= Noel Michele Holbrook =

American plant physiologist

Noel Michele Holbrook is the Charles Bullard Professor of Forestry in the department of Organismic and Evolutionary Biology at Harvard University. Her work primarily focuses on the study of the physiology of vascular transport in plants, with the intent of understanding the impact of the movement of water and solutes on the ecological and evolutionary processes.

==Education==
Holbrook received her A.B in Biology from Harvard University in 1983. In 1989, she received her Masters of Science in botany from the University of Florida and she received her Ph.D. in Biological Sciences from Stanford University in 1995.

==Relevant collaborations==
Noel Michele Holbrook became a Charles Bullard Professor of Forestry for the Department of Organismic and Evolutionary Biology at Harvard University in 2006. The Charles Bullard Fellowship in Forest Research was designed to support the advanced research by scholars or administrators who show promise in making important contributions to the field of forestry or forestry-related subjects, which include biology.
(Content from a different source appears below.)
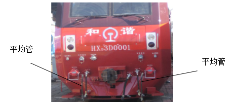 (11)牵引双管供风车体时,需将两机车的总风缸管进行连接,并开放折角塞门,再将无火机车两风泵右侧的双风管调压阀止阀和调压阀旁通阀均打到与管路垂直方向,如图5-5-16所示;
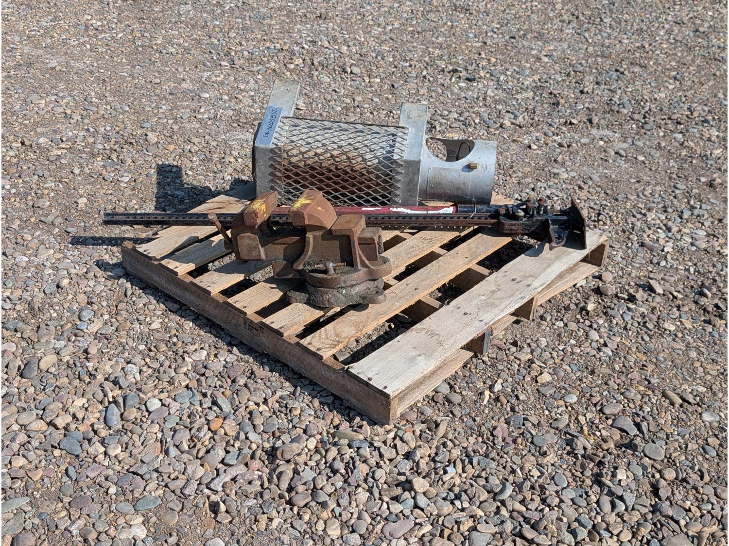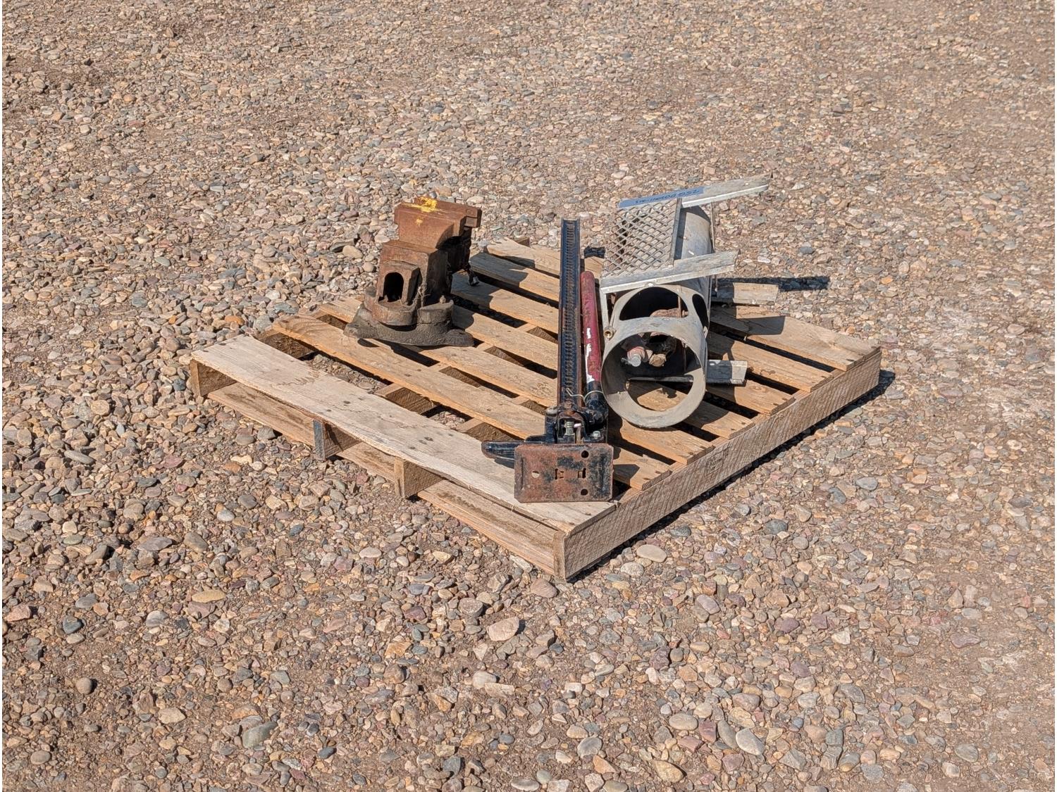 1239 140,000 But Propane Space Heater w/ 6 Inch Bench Vise & 58 Inch Hi-Lift Jack

Since July 2020, she has been Interim Director of Harvard Forest. She is also an instructor for the Harvard Life Science Outreach Program, which works to train teachers and hands-on laboratories to provide experiences for students in New England, and she has been a contributing author to several Biology and Environmental Science textbooks.

==Research accomplishments==
Holbrook has received the Starr-Friedman Challenge Grant or Scientific Research from Harvard University, was given to her for her studies of the impact that has on bees and pollination. She also received a U.S. AFOSR grant for her work relating to the study of thermal management in plants.

==Contributions to the field==
Holbrook has been a member of the executive committee of the David Rockefeller Center for Latin American Studies. She has also been on the editorial board of Plant Physiology, and a member of the Scientific Advisory Board for DISTAP (Singapore-MIT Alliance for Research and Technology).
Among her publications is Maintenance of Carbohydrate Transport in Tall Trees (2017), and Combined Influence of Soil Moisture and Atmospheric Evaporative Demand is Important for Accurately Predicting US Maize Yields (2020).